Spectral Gap Amplification

TL;DR

This paper introduces a method for quadratic spectral gap amplification in frustration-free Hamiltonians, enabling faster quantum algorithms and highlighting fundamental limits in quantum-classical simulation methods.

Contribution

It demonstrates quadratic spectral gap amplification for frustration-free Hamiltonians and proves its optimality, revealing limits of classical simulation techniques.

Findings

Quadratic amplification is possible for frustration-free Hamiltonians.

No general spectral gap amplification is possible without the frustration-free property.

Finding a similarity transformation between certain Hamiltonians and stochastic matrices is computationally hard.

Abstract

A large number of problems in science can be solved by preparing a specific eigenstate of some Hamiltonian H. The generic cost of quantum algorithms for these problems is determined by the inverse spectral gap of H for that eigenstate and the cost of evolving with H for some fixed time.

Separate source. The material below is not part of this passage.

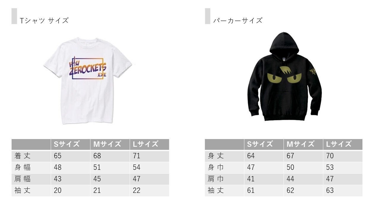 Tシャツとパーカーの着幅・着丈等の詳細に関しては以下サイズ表をご参照ください。

The goal of spectral gap amplification is to construct a Hamiltonian H' with the same eigenstate as H but a bigger spectral gap, requiring that constant-time evolutions with H' and H are implemented with nearly the same cost. We show that a quadratic spectral gap amplification is possible when H satisfies a frustration-free property and give H' for these cases. This results in quantum speedups for optimization problems. It also yields improved constructions for adiabatic simulations of quantum circuits and for the preparation of projected entangled pair states (PEPS), which play an important role in quantum many-body physics. Defining a suitable black-box model, we establish that the quadratic amplification is optimal for frustration-free Hamiltonians and that no spectral gap amplification is possible, in general, if the frustration-free property is removed. A corollary is that finding a similarity transformation between a stoquastic Hamiltonian and the corresponding stochastic matrix is hard in the black-box model, setting limits to the power of some classical methods that simulate quantum adiabatic evolutions.